Wenn die Welt untergeht und rundum das Chaos herrscht, werden wir unser Weihnachten
doch noch feiern", sagte Opa am Heiligen Abend.
Er stand auf dem alten Werkstattstuhl und schmückte
den zimmerhohen Tannenbaum. Es war kalt im guten Wohnzimmer und deshalb hatte
Fred seine dicke Jacke angezogen. Die Fenster waren mit schweren Rollos
verschlossen, damit kein Lichtschimmer von Draußen zu sehen war. Wenn das Licht
angemacht wurde, ging Opa ums Haus herum und schaute nach.
„Verdunkelung muss man ernst nehmen, Fred. Du weißt,
dass unsere Feinde nachts von da oben schauen wo Licht ist. Genau da schmeißen
sie Ihre Bomben hin."
Er saß auf der Chaiselongue und schaute aufmerksam
zu. So ein Ding stand auch im gewöhnlichen Wohnzimmer, dem täglichen, aber zu
dem durfte man ‚Sofa' sagen.

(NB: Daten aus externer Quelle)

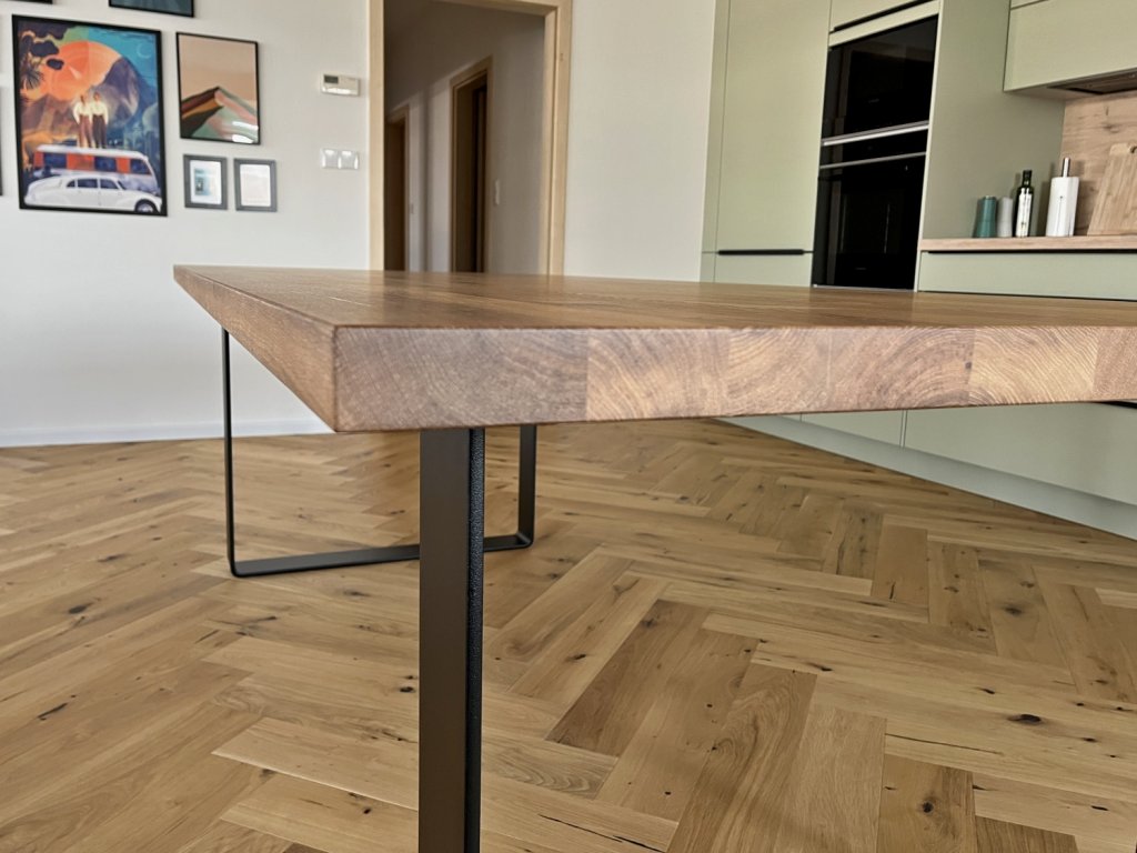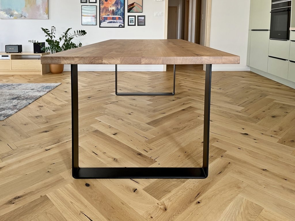 Ocelová pásovina unese nadstandardně velké a těžké dřevěné desky. Její tenký profil je praktický při sezení v čele stolu, kde nijak nepřekáží.

Zu diesem nicht. Ins gewöhnliche Wohnzimmer durfte
man immer, wann man wollte; ins gute Wohnzimmer nicht.
„Die Chaiselongue war sehr, sehr teuer. Und sie ist
etwas Besonderes", hatte Oma zu ihm gesagt. „Deshalb nennen wir das nicht Sofa,
sondern Chaiselongue. Das macht was, das hört sich so teuer an wie es war."
Es war das erste Mal, dass er dabei sein durfte.

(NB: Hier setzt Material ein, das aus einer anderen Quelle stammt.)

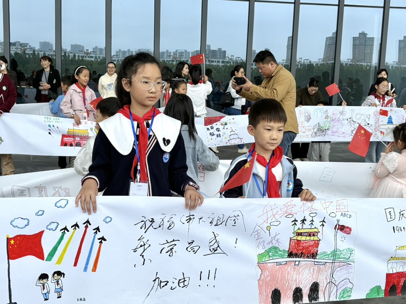 上午9时30分,孩子们手持小红旗陆续签到,现场洋溢着节日的喜庆气氛。活动在《我和我的祖国》的深情合唱中拉开帷幕,小记者与家长们的歌声汇聚成情感的暖流。在了解国庆节的由来与意义后,最令人期待的绘画环节正式开始。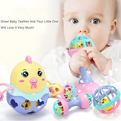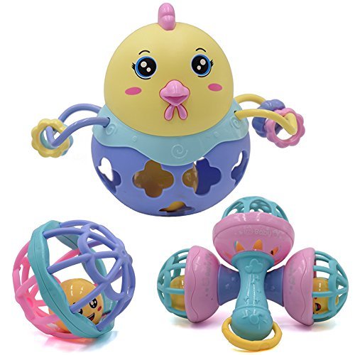 ベビーおもちゃプレイセットwith Rattle、玩具ボール、Shaker、Teether、seprovider漫画チキン幼児6 – 48ヶ月、4のパック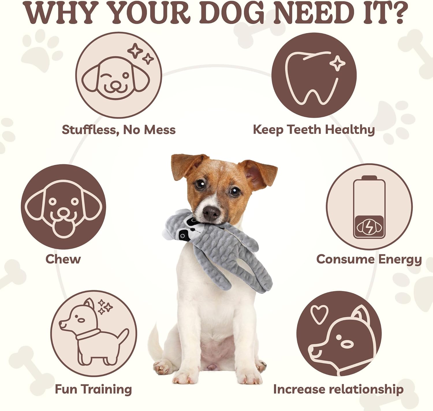 - No Stuffing Dog Toys, Safe to Play: Unstuffed dog toys means no mess and no choking risks. Embroidered eyes effectively keep pet always in a safe environment when chewing or playing. Soft puppy teething toys can provide gum massage and relief oral discomfort. Machine washable and skin-friendly material allows dogs to bite freely without causing any damage to their teeth

Früher hatten sie erzählt, das Christkind würde den Baum schmücken. Das war
vorbei; er wusste jetzt, dass alles von Oma und Opa gemacht wurde, was
Weihnachten passierte.
Stück für Stück verwandelte sich der Tannenbaum zum
Weihnachtsbaum. Auf der abgeschnittenen Spitze hockte schon der rotweiße Engel
mit dem kostbaren Brokatkleid und besah sich fortan gemeinsam mit Fred diese
Wandlung. Es folgten silbrigweiße Glaskugeln, die wie Seifenblasen aussahen.
Sie waren rund oder auch an einer Seite nach innen gewölbt und dort fein
ziseliert, mit weißem Pulver bestreut.
„Die sind alle aus Glas. Wenn ich sie feste drücke,
platzen sie; wenn eine runter fällt, gibt's Scherben - und Schimpfe von Oma.

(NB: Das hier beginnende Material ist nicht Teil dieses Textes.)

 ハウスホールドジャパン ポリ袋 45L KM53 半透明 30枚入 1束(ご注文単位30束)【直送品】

Oma hängt an ihnen; sie hat sie mit in die Ehe gebracht", erklärte Opa. „Also
hüte dich und fass sie nie an."
Tat er nicht; Omas Schimpfe war ziemlich schlecht zu
ertragen. Nun mussten silbrig angestrichene Glöckchen aus Glas befestigt
werden; die weißen Streusel auf der Oberfläche sahen aus wie Raureif. Opa schälte
silbrige Vögel, mit einem Schwanz aus buschig abstehenden weißen Borsten aus
dem Pappkarton; fünf solcher Vögel verteilte er im Baum.
„Die singen immer das Lied ‚Ihr Kinderlein kommet' -
aber so leise, dass es nur das Christkind hören kann", sagte Opa.
Fred beobachtete die Vögel, die auf den dünnen Zweigen
wippten. „Opa! Ich bin doch kein kleiner Junge mehr. Das stimmt gar nicht."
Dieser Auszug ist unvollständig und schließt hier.